25 Titel in den Jahren 1932, 1969, 1972, 1973, 1974, 1980, 1981, 1985, 1986, 1987, 1989, 1990, 1994, 1997, 1999, 2000, 2001, 2003, 2005, 2006, 2008, 2010, 2013, 2014, 2015

DFB-Pokal

17 Triumphe in den Jahren 1957, 1966, 1967, 1969, 1971, 1982, 1984, 1986, 1998, 2000, 2003, 2005, 2006, 2008, 2010, 2013, 2014

Europapokal

Europapokal der Landesmeister/Champions League (5): 1974, 1975, 1976, 2001, 2013
Europapokal der Pokalsieger (1): 1967
UEFA-Pokal (1): 1996

Weltpokal

Zweifacher Sieger 1976 und 2001

Ligapokal/Supercup

Ligapokal (6): 1997, 1998, 1999, 2000, 2004, 2007
Super-Cup (3): 1983, 1987 und 1990

Erster Landesmeister-Titel dank Schwarzenbeck

Der erste Sieg im Landesmeister-Cup

Unter Lattek folgten zwei weitere Meisterschaften und ein internationaler Triumphzug, der seinesgleichen sucht: Die Bayern gewannen 1974 als erste deutsche Mannschaft den Europapokal der Landesmeister. Georg "Katsche" Schwarzenbeck hatte eine Minute vor Ende der Verlängerung im Finale gegen Atlético Madrid das 1:1 erzielt und damit ein Wiederholungsspiel erzwungen. Dieses gewannen Beckenbauer & Co., wieder in Brüssel, mit 4:0. Zweimal traf Uli Hoeneß, zweimal Gerd Müller.

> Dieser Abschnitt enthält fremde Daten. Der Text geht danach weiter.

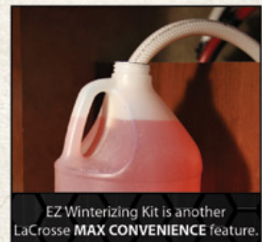
EZ Winterizing Kit is another LaCrosse MAX CONVENIENCE feature.

Einzigartiges Europapokal-Triple

Weltpokalsieger 1976

Und während die Bayern, was Titel betrifft, in der Bundesliga eine Auszeit nahmen, schafften sie international das Europapokal-Triple: Auch 1975 (2:0 gegen Leeds United in Paris), sowie 1976 (1:0 gegen AS St. Etienne in Glasgow) - beide Male unter Trainer Dettmar Cramer - gewannen die Münchner den Europapokal der Landesmeister. 1976 kam auch noch der Weltpokal (0:0 und 2:0 gegen den brasilianischen Vertreter Cruzeiro Belo Horizonte) hinzu. Es sollten vorerst die letzten ganz großen Titel bleiben. Auf den internationalen Fußballplätzen begann für den deutschen Rekordmeister eine lange Durststrecke.